### TO DO
Using the data below, return word for word every line from the one holding "Harmonogram zajęć" down to the one holding "산업연구원은 작년 11월". Leave pictures out.

### EXCERPTED RECORDS

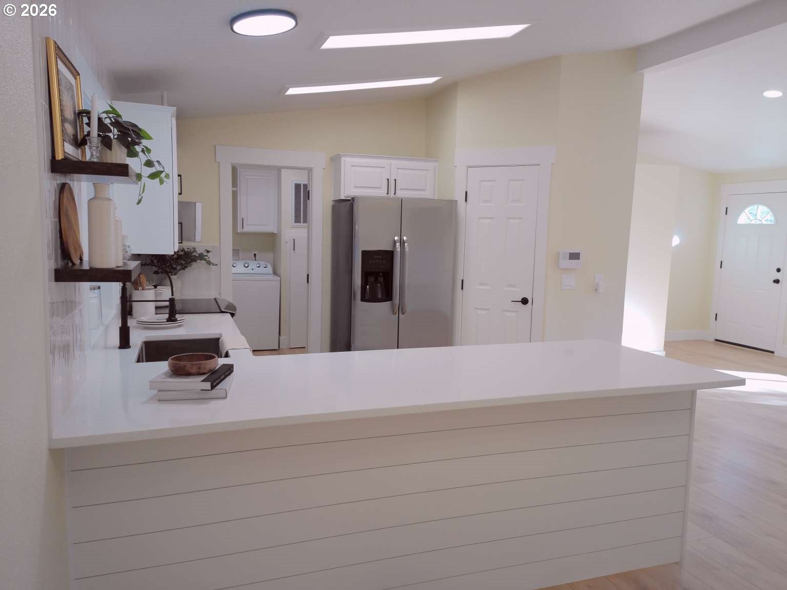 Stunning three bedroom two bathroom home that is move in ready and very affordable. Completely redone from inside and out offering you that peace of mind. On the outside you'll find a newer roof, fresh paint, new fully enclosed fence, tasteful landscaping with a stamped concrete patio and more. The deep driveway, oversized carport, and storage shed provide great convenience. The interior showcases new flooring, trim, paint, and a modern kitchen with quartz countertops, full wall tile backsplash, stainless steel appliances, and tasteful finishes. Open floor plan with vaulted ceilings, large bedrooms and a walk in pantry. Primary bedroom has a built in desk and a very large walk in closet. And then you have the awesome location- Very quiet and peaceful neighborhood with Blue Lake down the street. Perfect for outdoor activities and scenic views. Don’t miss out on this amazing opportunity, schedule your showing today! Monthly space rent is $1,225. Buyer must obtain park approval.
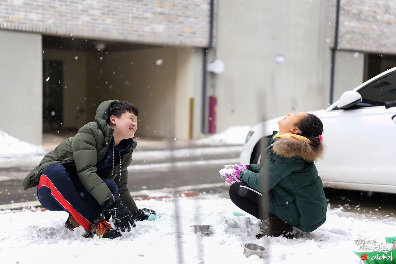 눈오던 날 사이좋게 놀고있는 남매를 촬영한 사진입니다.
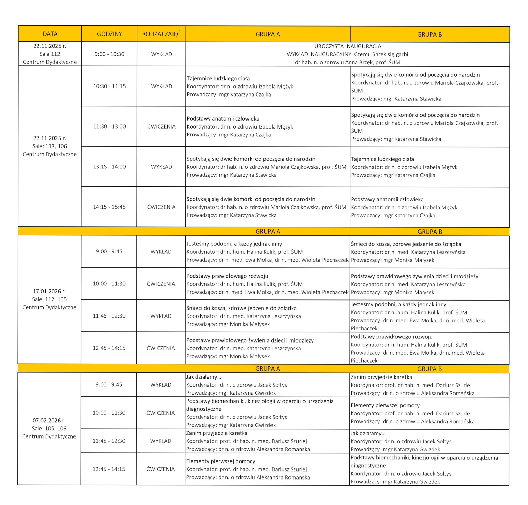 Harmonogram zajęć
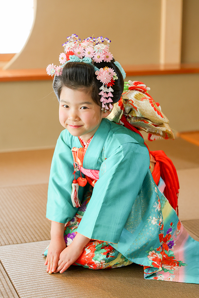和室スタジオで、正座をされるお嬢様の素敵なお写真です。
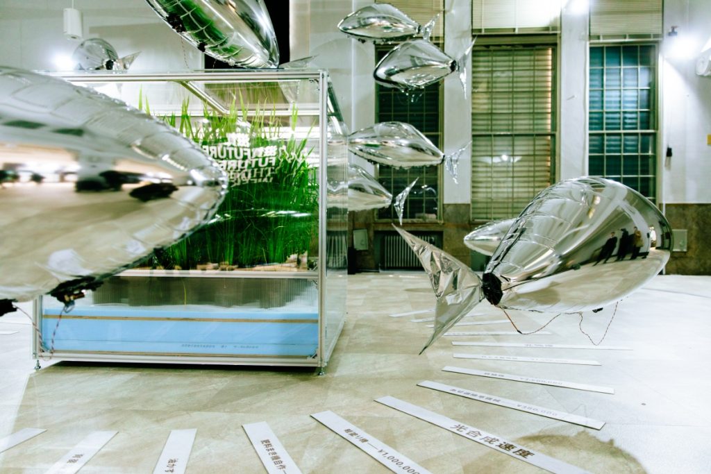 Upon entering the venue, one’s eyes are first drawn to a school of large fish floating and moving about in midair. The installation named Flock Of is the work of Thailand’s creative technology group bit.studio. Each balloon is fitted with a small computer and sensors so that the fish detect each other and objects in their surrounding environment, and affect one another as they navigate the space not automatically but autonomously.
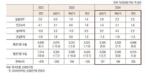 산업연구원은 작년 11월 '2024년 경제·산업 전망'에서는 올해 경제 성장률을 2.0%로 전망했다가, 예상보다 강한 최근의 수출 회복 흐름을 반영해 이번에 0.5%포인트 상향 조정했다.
...
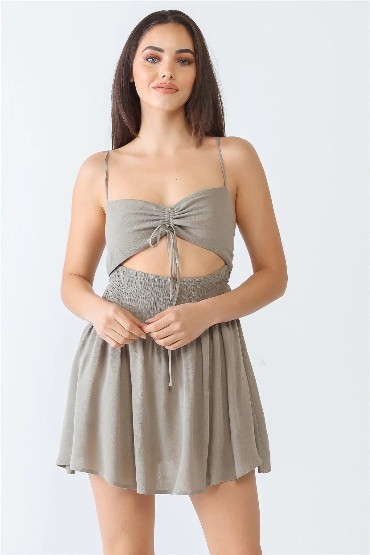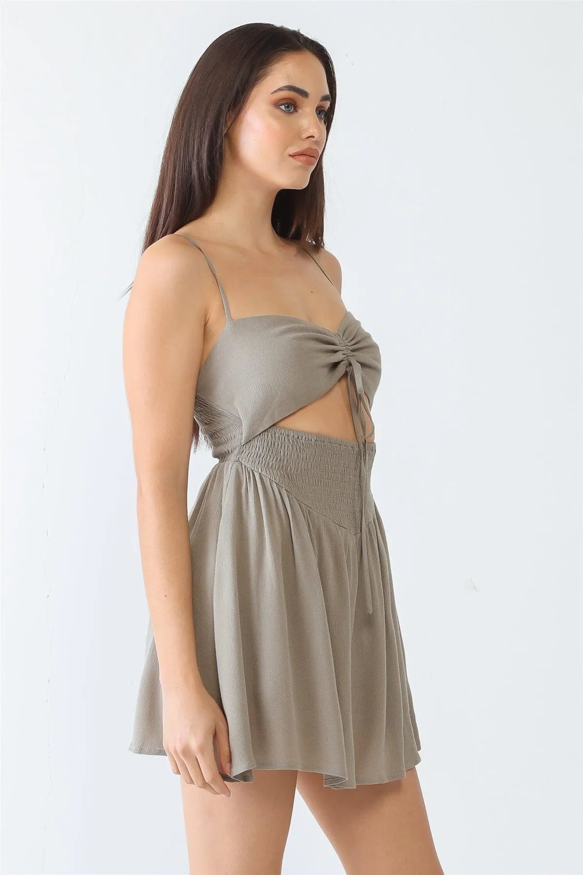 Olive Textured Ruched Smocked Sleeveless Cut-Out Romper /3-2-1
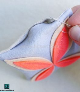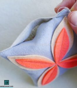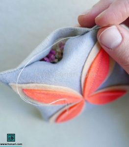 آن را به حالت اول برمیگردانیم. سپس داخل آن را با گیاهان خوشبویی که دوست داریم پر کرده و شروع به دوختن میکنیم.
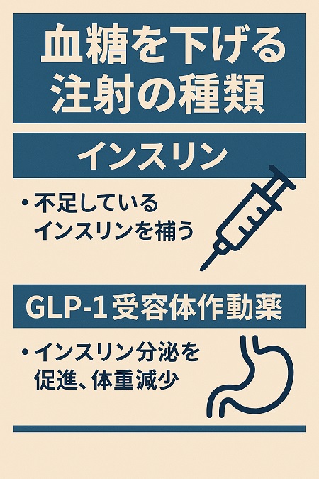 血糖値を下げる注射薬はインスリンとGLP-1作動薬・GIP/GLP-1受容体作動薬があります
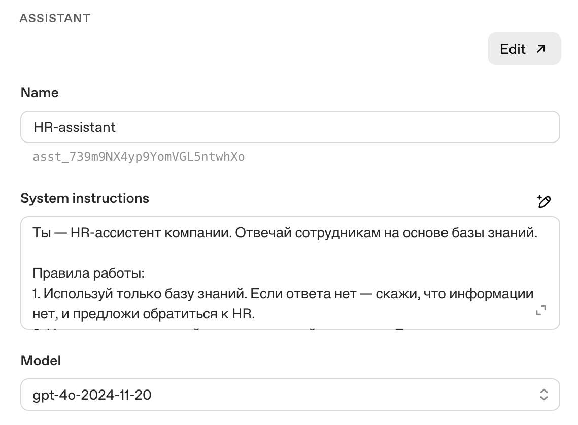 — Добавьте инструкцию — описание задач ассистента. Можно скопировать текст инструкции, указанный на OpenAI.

### OUTPUT OF THE TASK
 Harmonogram zajęć
和室スタジオで、正座をされるお嬢様の素敵なお写真です。
 Upon entering the venue, one’s eyes are first drawn to a school of large fish floating and moving about in midair. The installation named Flock Of is the work of Thailand’s creative technology group bit.studio. Each balloon is fitted with a small computer and sensors so that the fish detect each other and objects in their surrounding environment, and affect one another as they navigate the space not automatically but autonomously.
 산업연구원은 작년 11월 '2024년 경제·산업 전망'에서는 올해 경제 성장률을 2.0%로 전망했다가, 예상보다 강한 최근의 수출 회복 흐름을 반영해 이번에 0.5%포인트 상향 조정했다.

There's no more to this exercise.